La tranquille soirée d’hier vous a sans doute restauré. J’ai passé cette journée à travailler fort et ferme, comme je n’avais fait depuis longtemps.

Salut et joie.


73

[À BOSC, À PARIS[3].]
1er mars 1783, — d’Amiens.

En vérité, nous ne nous entendons avec personne pour vous taire nos nouvelles, et nous serions privés les premiers s’il fallait ne pas vous en donner. Vous aurez reçu un petit mot le même jour, je crois, que votre lettre nous est parvenue ; c’est bien nous qui l’attendions avec empressement et que votre écriture réjouit toujours. Je vous exprime nos sentiments communs, tandis que le cher malade, au coin de sa cheminée, s’appuie la tête et porte la main à son cœur que la tisane soulève horriblement.
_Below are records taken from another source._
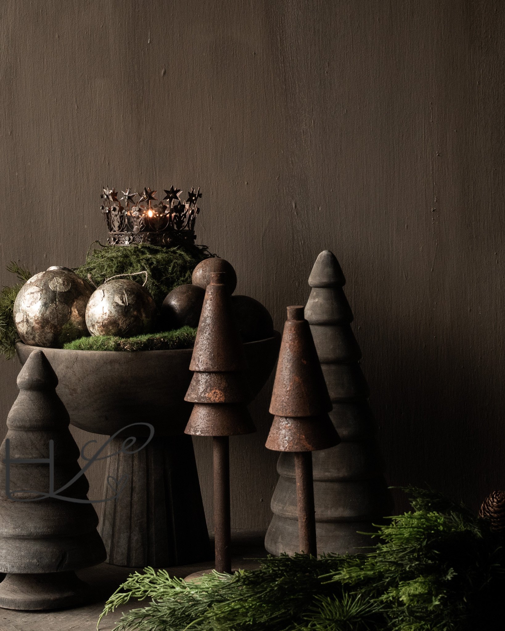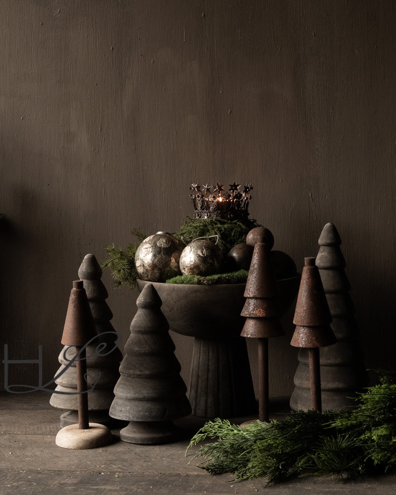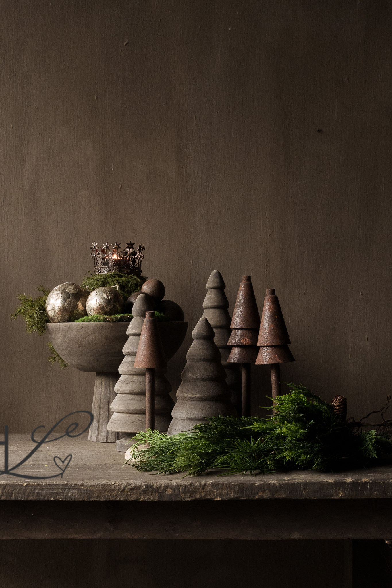 Deze stoere, sobere houten boompjes van Luksa zijn met de hand vervaardigd en hebben een prachtige natuurlijke uitstraling. De matte, donkere finish en gelaagde vorm geven ze een tijdloos karakter – perfect om te combineren met met de roest boompjes .
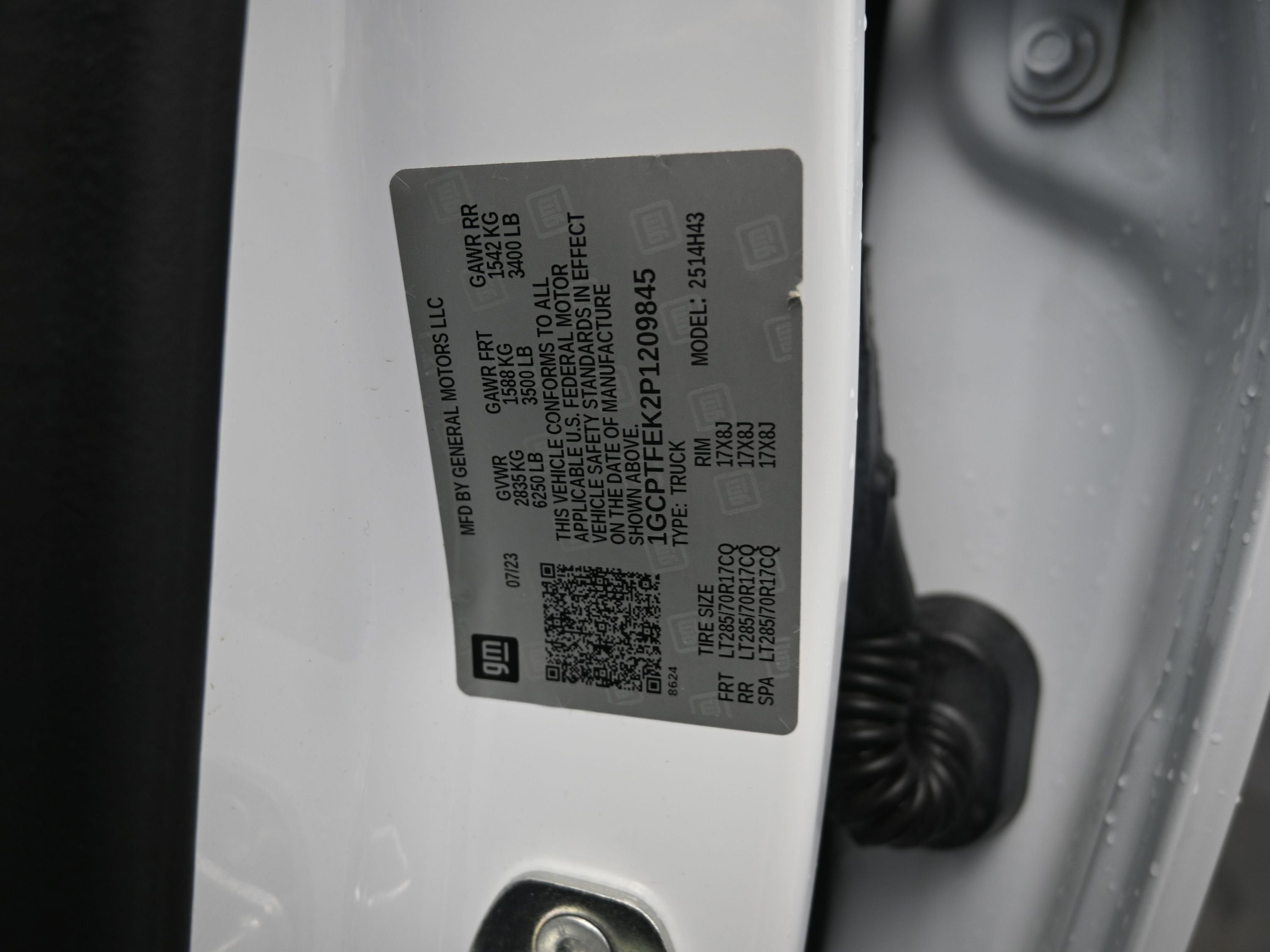 - GVWR, 6250 lbs. (2835 kg)
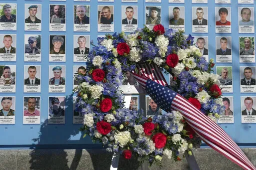 Looking solemn, they continued unperturbed as they laid two wreaths and held a moment of silence at the Wall of Remembrance honoring Ukrainian soldiers killed since 2014, the year Russia annexed Ukraine’s Crimean peninsula and Russian-backed fighting erupted in eastern Ukraine.
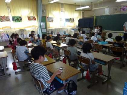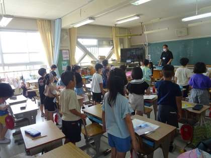 読み聞かせが終わった学級では、朝の会が始まります。
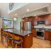 • Kitchen Appliances: Dishwasher, Disposal, Free Standing Gas Range, Free Standing Refrigerator, Island, Microwave, Pantry, Solid Surface Countertop, Stainless Steel Appliance
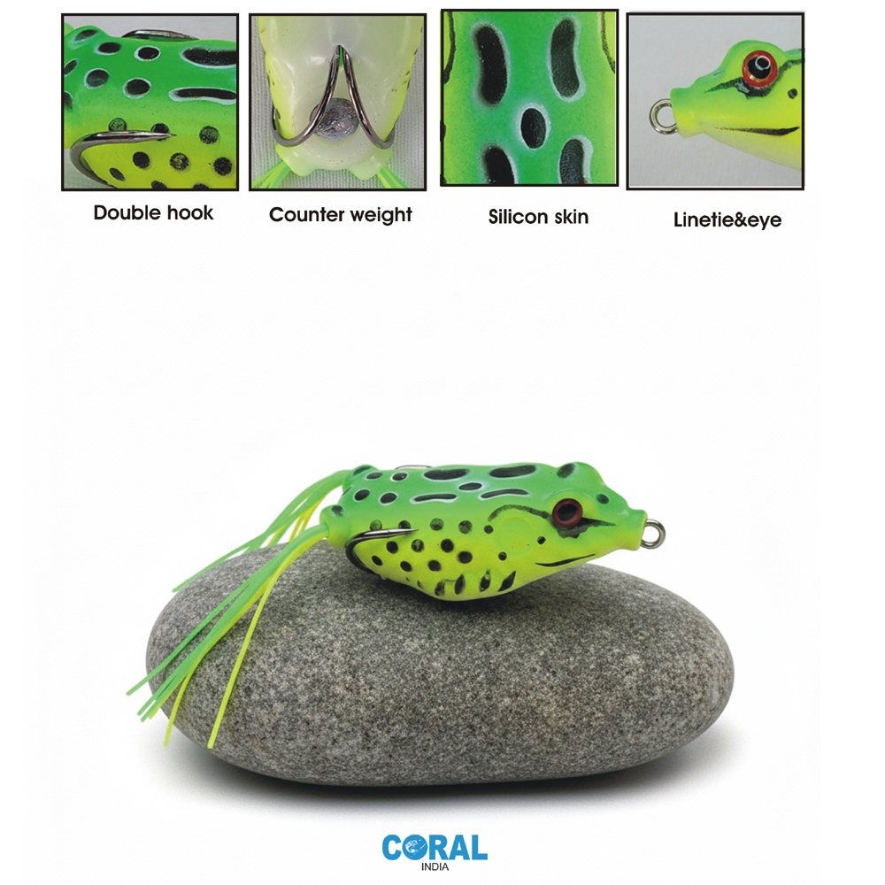 Level up your fishing game with the Coral India Rowdy-Frog! Specifically engineered for top-water action, this lure is a nightmare for predatory fish like Snakehead (Saul), Bass, and Pike.
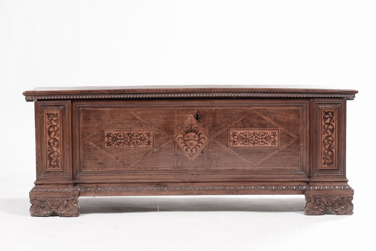 Cassapanca in noce e radica di noce, XIX secolo
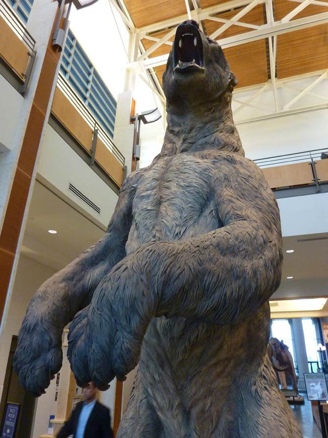 The species Arctodus simus appeared about 800,000 years ago from Alaska to the Mississippi. It died out about 11,600 years ago. Its fossilized remains have been found at several paleontological sites in California. The largest, almost fully preserved skeleton of the Arctodus simus bear was discovered in Indiana. The original skeleton is in the Field Museum in Chicago, while museums in Indiana, Indianapolis, and Canada have casts of it.
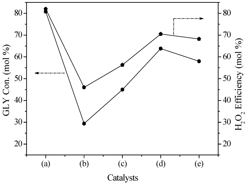 The GLY conversion and H2O2 efficiency over different catalysts: (a) LDH-[Cr(SO3-salphen)], (b) LDH-[Mn(SO3-salphen)], (c) LDH-[Fe(SO3-salphen)], (d) LDH-[Co(SO3-salphen)], (e) LDH-[Cu(SO3-salphen)] Efficiency of H2O2 = (moles of H2O2 converted to the products/moles of H2O2 consumed) × 100.
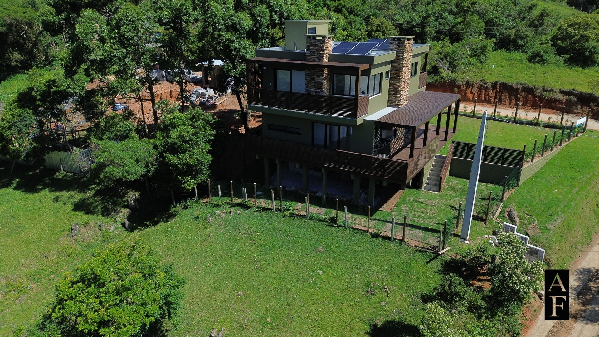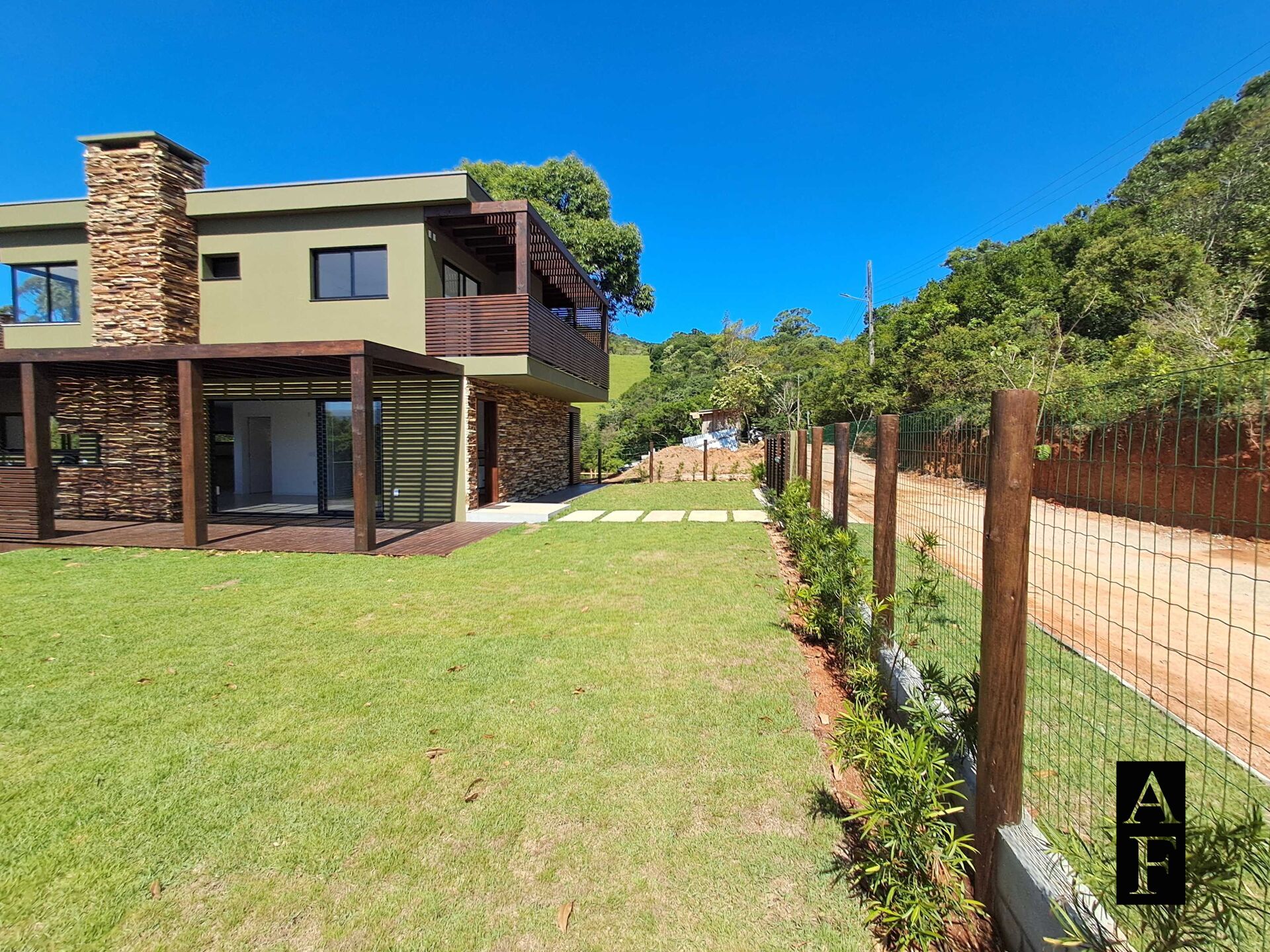 A casa será entregue com cerca e portal de entrada, portões em madeira para acesso dos pedestres e dos veículos.
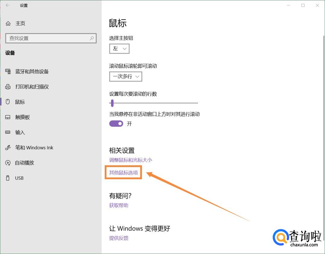 接下来我们点击【鼠标】界面的右边【其他鼠标选项】。
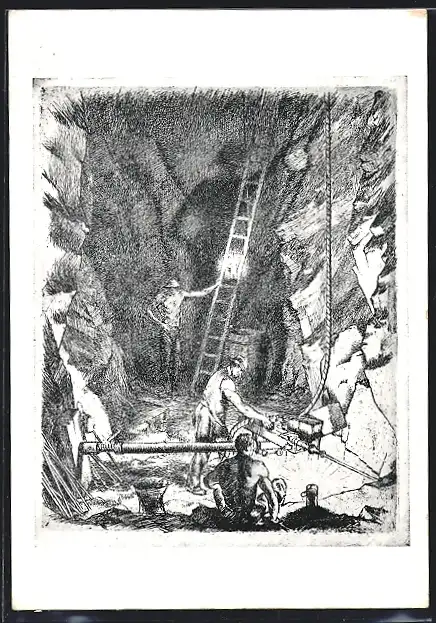 Künstler-AK Bergmänner beim Bohren unter Tage
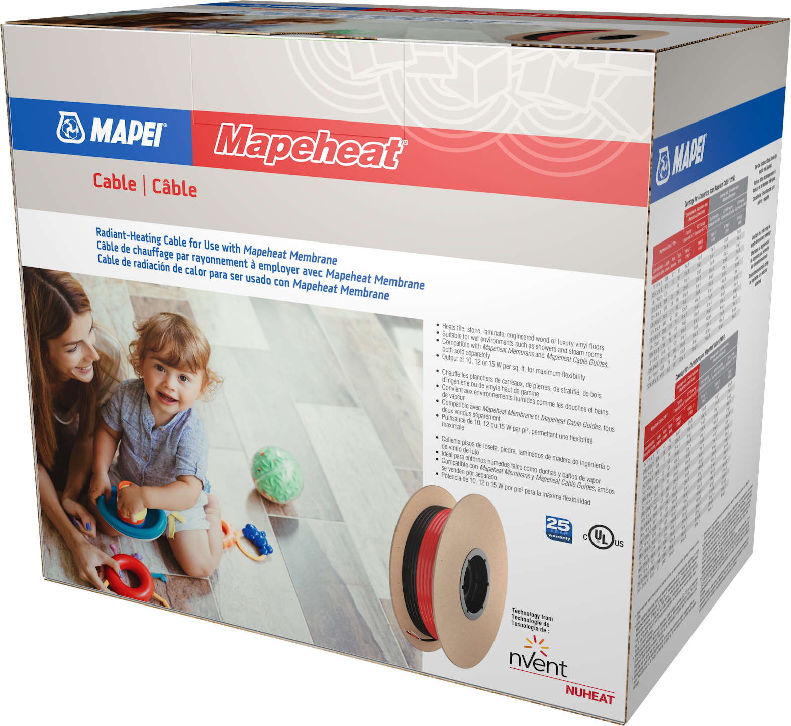Mapeheat Cable is a free-form, twisted-pair, floor-heating cable for use in any residential interior room where the comfort of radiant floor heating is desired. The cable can be spaced on site to provide 10, 12 or 15 W per sq. ft. based on the desired wattage output requirements of the installation. Mapeheat Cable is available in 33 lengths to accommodate areas as small as 6 sq. ft. (0.56 m²) and up to 293 sq. ft. (27.2 m²).
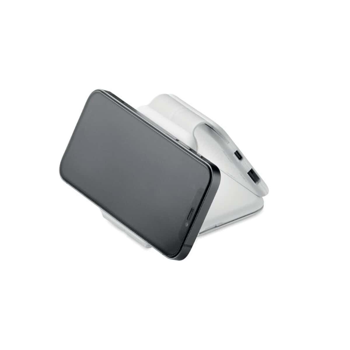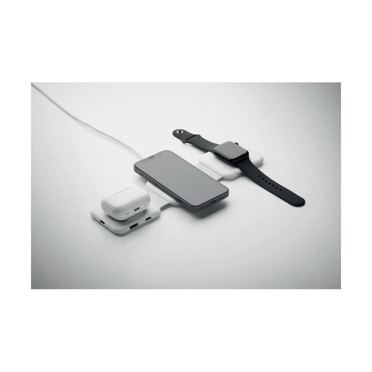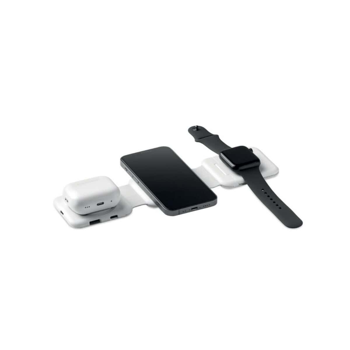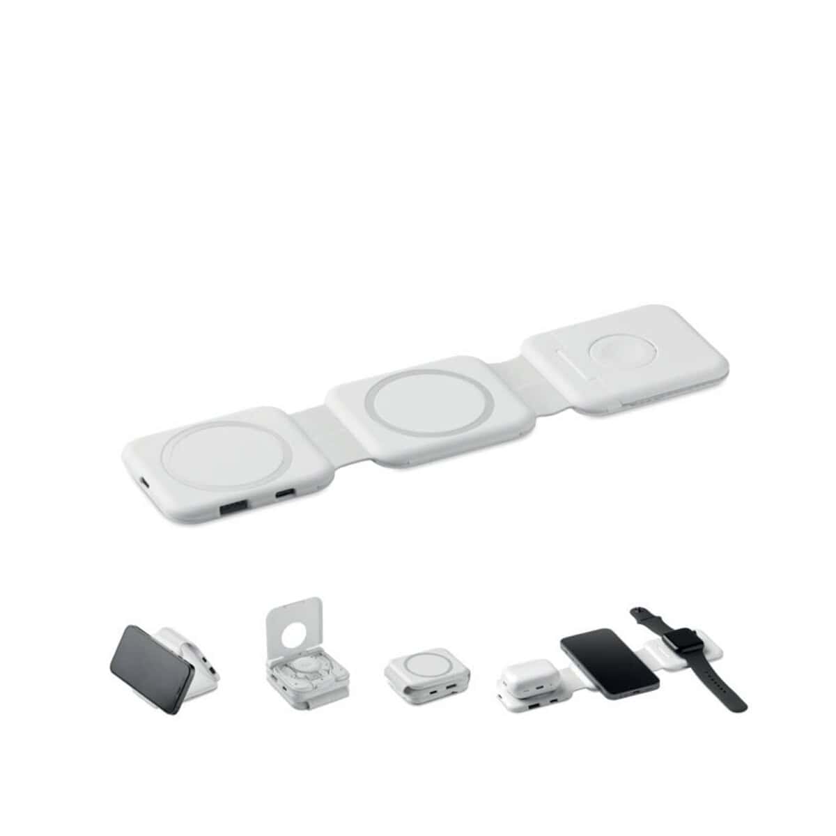 Składana stacja ładująca ROIS to nowoczesny, kompaktowy gadżet, który wprowadzi porządek na każdym biurku 😊. Zaprojektowana z trwałego ABS, w eleganckim białym kolorze, perfekcyjnie eksponuje logo i pozwala na czytelny nadruk promujący markę. Trzy niezależne punkty bezprzewodowego zasilania – 1 x 15 W, 1 x 5 W dla TWS oraz 1 x 3 W do Apple Watch – gwarantują szybkie odnowienie energii większości urządzeń mobilnych. Do tego 2 gniazda USB-A i 2 gniazda Type-C czynią produkt uniwersalnym centrum ładowania w domu, biurze czy w podróży.
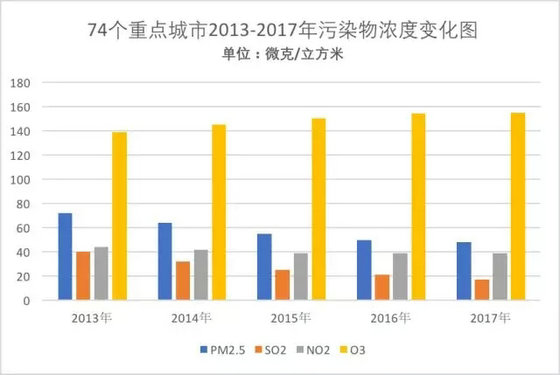 與全國的臭氧濃度增加的趨勢相一致,2017年的74個重點城市臭氧平均濃度值為155微克/立方米,比2013年增加了11.5%,其中32個城市超過國家二級標(biāo)準(zhǔn)(160微克/立方米)。53個城市出現(xiàn)臭氧污染加劇的現(xiàn)象,其中湖州、邢臺、肇慶、太原、哈爾濱、廈門市的同比上升幅度達(dá)到30%以上。
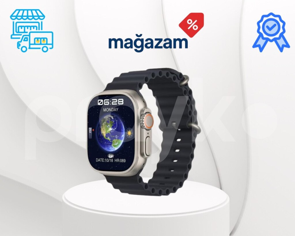 🌐 Əlavə xüsusiyyətlər – NFC (erişim kartları üçün), ChatGPT və AI saat üzü, kompas, səsli qeyd, oflayn musiqi, hava durumu, kompasa yardımı, telefon tapma

J’exposerai ci-après tout ce qui le concerne, car j’ai souvent de petites craintes, de légers doutes sur la continuation des remèdes quand j’en vois des effets un peu vifs, et je suis absolument dans le cas de ces ignorants qui, n’osant juger, demandent toujours avis. Ainsi le seigneur père[4] s’armera, s’il lui plaît, d’un peu de patience ; je sens qu’il a bien des gens à qui

  1. Madame Roland s’était mariée le 4 février 1780.
  2. Berkeley, l’évêque philosophe (1684-1753).
  3. Collection Alfred Morrison, 2 folios.
  4. Le « seigneur père », c’est le père de Bosc, le médecin Paul Bosc d’Antic. On voit ici et on verra par plusieurs de lettres qui suivent qu’il traitait Roland par correspondance.